Tok Gale seemed doubtful about this. ‘For train travel they are saying that things are worse than they were. Rangoon train never arrives at destination.’

‘I’ve been hearing that, so I took the precaution of having a horoscope done at the stupa of King Pyu Sawhti.’

‘Ah yes. This is famous monarch hatched from egg. And was result satisfactory?’

‘Entirely so. The
ponggi
told me I was good for another thirty years.’

‘Well, that is splendid omen,’ Tok Gale said. ‘So 6.15 to Rangoon is holding few terrors for you?’

‘How can it after a horoscope like that?’

Tok Gale laughed and shook his head in mock reproach. ‘Now I must tell you something, Mr Lewis. You are falling into our ways.’

1997

Hold Back the Crowds

E
VEN BACK IN THE
early Fifties it was more interesting and usually more pleasant to travel in areas of Europe off the beaten track. In this respect Spain was outstanding, due largely to damaged communications in the aftermath of the Civil War. Many roads had been left unrepaired for a number of years, with the result that most Spaniards travelled only when obliged to. Foreigners, on the whole, still nervous of the Franco dictatorship and discouraged by rumours of food shortages, were staying away. For my first post-war visit I found the frontier between France and Spain still nominally closed. I had to take a French taxi to the frontier post, walk through the barrier, then hire a Spanish taxi to the first town across the border. Despite all that had happened I found Spain as charmingly unspoilt as it had ever been, and hiring a car I went in search of a seaside village in which to spend the summer.

I chose Farol on the Costa Brava and as it turned out spent three summer seasons there, studying and writing about the life of the people. Protected by an approach down something hardly better than a cart track, followed by steep gradients and hairpin bends, and a final patch of swamp crossed by a swaying bridge, the village was perfect from my point of view. A further slight drawback to the visitor was that a spare room in a house had to be found, although in a friendly and hospitable environment this offered no difficulty. Such were these small deterrents that in the first of three incomparable seasons of my stay, there were no other intruders from the outside world and in consequence I was able to enjoy life in surroundings that had hardly changed in the previous century or two.

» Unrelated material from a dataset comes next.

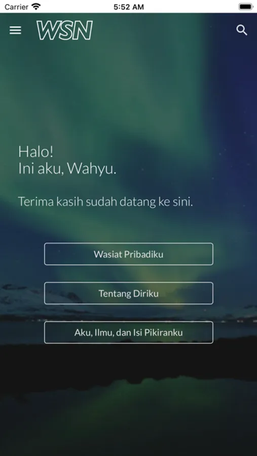 This app contains the complete life story of Wahyu Setyo Nugroho. We can find everything about Wahyu's thoughts and ideas. Wahyu writes almost everything that come from his mind and put it in this app, so we can discuss more about any topics. In short, this app is a combination of a biography and a blog.

Apart from the priest, a shopkeeper, and a Civil Guard, the people of Farol lived wholly by fishing, and even a young doctor possessing the legal minimum of qualifications for practising his profession put in an hour or two dickering with the nets with which he caught an occasional fish. There were neither rich nor poor, and even the charming old aristocrat who owned most of the land grew on it no more than a few meagre vegetables, and stole out at night to put down pots from which once in a while he recovered a lobster. Life here, although devoid of modern stress, provided an abundance of small pleasures. The fishermen back from the sea told tall stories and composed poetry in the single bar. On Saturday nights there was dancing to a wind-up phonograph in the tiny square. Fiestas were frequent, as well as outings to accepted beauty spots and local shrines. For financial reasons courtships were protracted and marriages entered into later in life than in the towns. Families with more than two children were rare. Above all, it seemed to me, the villagers lived in harmony. The fisherman’s calling is the least boring of professions, for however meagre the daily return, hope of great catches to come is never extinguished. Fishing where large shoals are frequently involved calls continually for communal planning and action as opposed to individual effort. In Farol, a living constructed from the sea was devoid of any taint of bad blood.